But for same problem you apply k-medoids wherein you choose your k-centroids/medoids from your dataset itself. lets say you choose x_5 point from your dataset as first medoid. From this your interpretability will increase beacuse now you have the review itself which is termed as medoid/centroid. So in k-medoids you choose the centroids from your dataset itself.
This is the foremost motivation of introducing k-mediods
Coming to the metrics part you can apply all the metrics that you apply for k-means
Hope this helps.
Why would we use k-medoids instead of k-means in case of (squared) Euclidean distance?
1. Technical justification
In case of relatively small data sets (as k-medoids complexity is greater) - to obtain a clustering more robust to noise and outliers.
Example 2D data showing that:
The graph on the left shows clusters obtained with K-medoids (sklearn_extra.cluster.KMedoids method in Python with default options) and the one on the right with K-means for K=2. Blue crosses are cluster centers.
The Python code used to generate green points:
import numpy as np
import matplotlib.pyplot as plt
rng = np.random.default_rng(seed=32)
a = rng.random((6,2))*2.35 - 3*np.ones((6,2))
b = rng.random((50,2))*0.25 - 2*np.ones((50,2))
c = rng.random((100,2))*0.5 - 1.5*np.ones((100,2))
d = rng.random((7,2))*0.55
points = np.concatenate((a, b, c, d))
plt.plot(points[:,0],points[:,1],"g.", markersize=8, alpha=0.3) # green points
2. Business case justification
Here are some example business cases showing why we would prefer k-medoids. They mostly come down to the interpretability of the results and the fact that in k-medoids the resulting cluster centers are members of the original dataset.
2.1 We have a recommender engine based only on user-item preference data and want to recommend to the user those items (e.g. movies) that other similar people enjoyed.

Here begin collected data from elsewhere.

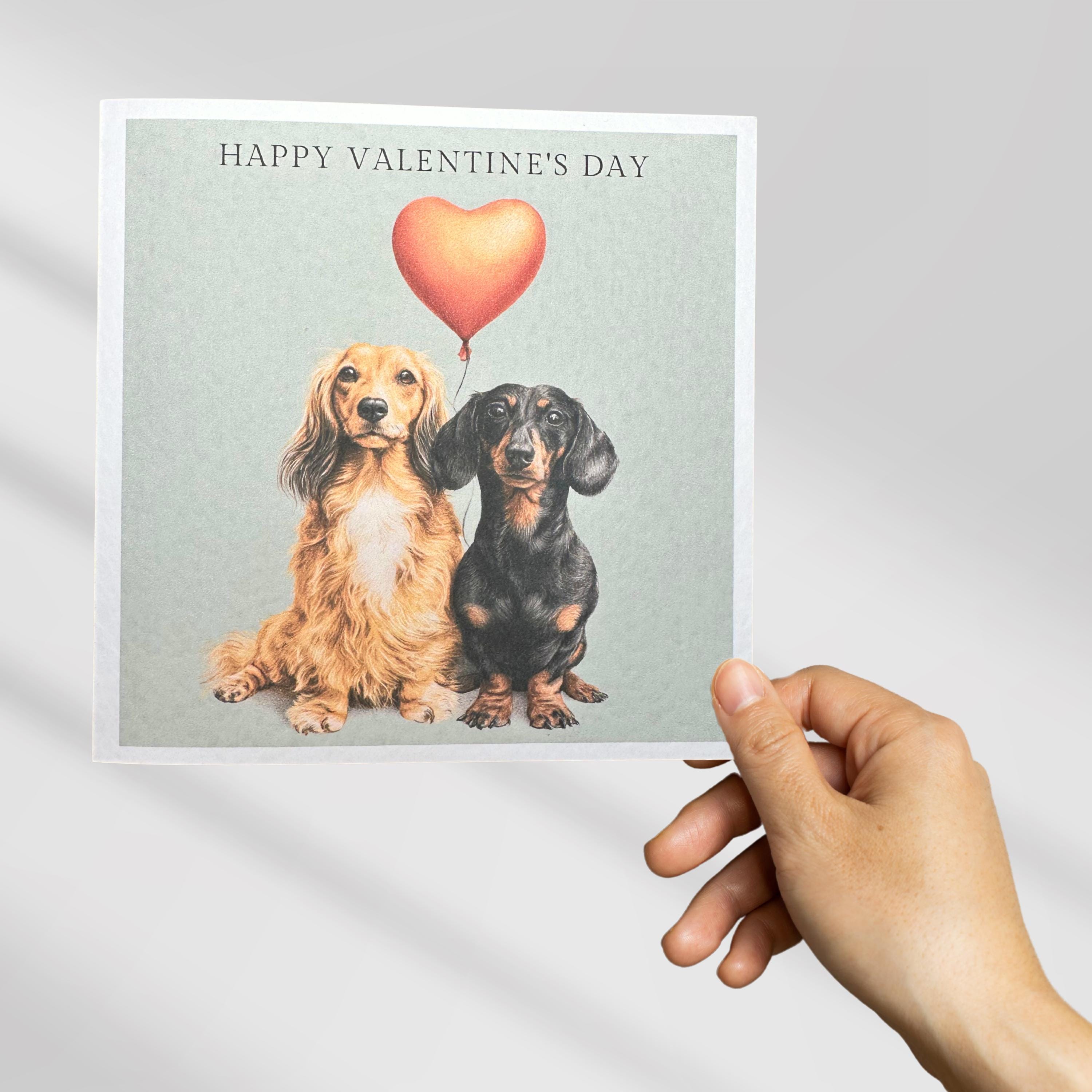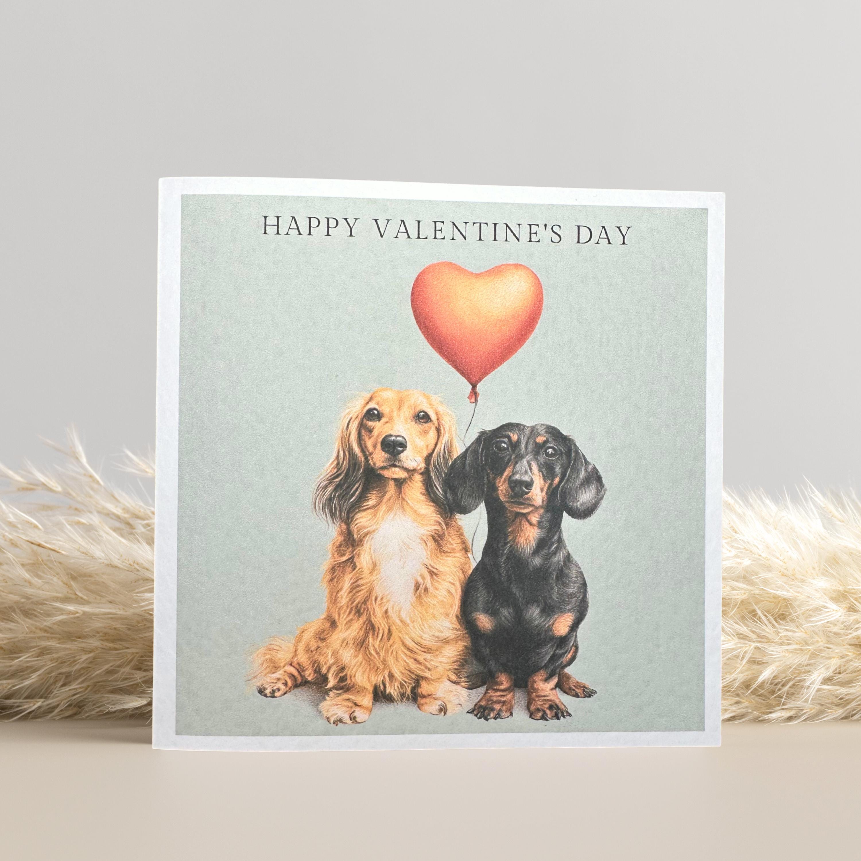 Looking for the perfect valentines card for a dog or Dachshund lover? This charming 6x6 inch card features two beautiful Dachshund dogs. A golden daxie and a black and tan daxie.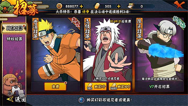 1、忍者招募:在这个看脸的世界里面,所有的不得意都可以怪脸不好,在《火影忍者》手游里面,最看脸的玩法就是忍者招募(抽抽抽)!忍者招募的玩法是通过消耗【羁绊之卷】随机抽奖,玩家会有一定的几率抽到忍者碎片。高级招募和普通招募基本上是一样的,但由于需要消耗金币抽奖,所以每抽十次一定会送一个忍者,金币充裕的玩家们可以试一试。至于限定招募和特权招募就是土豪玩家的玩法了。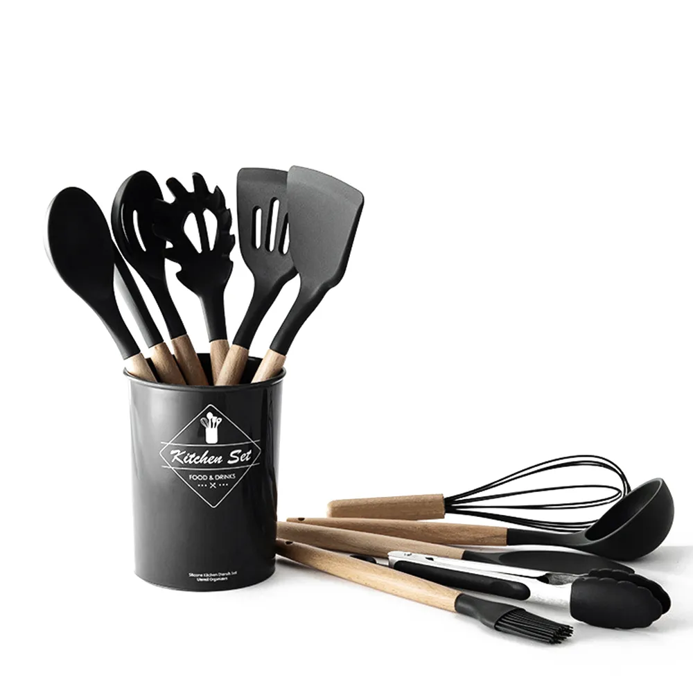 Silicone Kitchenware Utensils Set Black Non Stick...
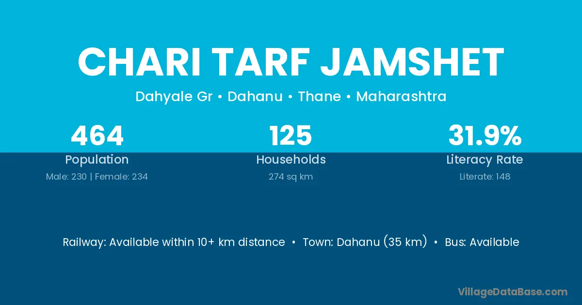 Dahanu (35 km) is the nearest town to Chari Tarf Jamshet village for major economic activities and is located approximately 35 km away.

So we assign the user to his/her closest cluster and recommend top movies that the cluster representant (actual person) watched. If the cluster representant wasn't an actual person we wouldn't possess the history of actually watched movies to recommend. Each time we'd have to search additionally e.g. for the closest person from the cluster. Example data: classic MovieLens 1M Dataset
2.2 We have a database of patients and want to pick a small representative group of size K to test a new drug with them. After clustering the patients with K-medoids, cluster representants are invited to the drug trial.
Difference between is that in k-means centroids(cluster centrum) are calculated as average of vectors containing in the cluster, and in k-medoids the medoid (cluster centrum) is record from dataset closest to centroid, so if you need to represent cluster centrum by record of your data you use k-medoids, otherwise i should use k-means (but concept of these algorithms are same)
The K-Means algorithm uses a Distance Function such as Euclidean Distance or Manhattan Distance, which are computed over vector-based instances. The K-Medoid algorithm instead uses a more general (and less constrained) distance function: aka pair-wise distance function.
This distinction works well in contexts like Complex Data Types or relational rows, where the instances have a high number of dimensions.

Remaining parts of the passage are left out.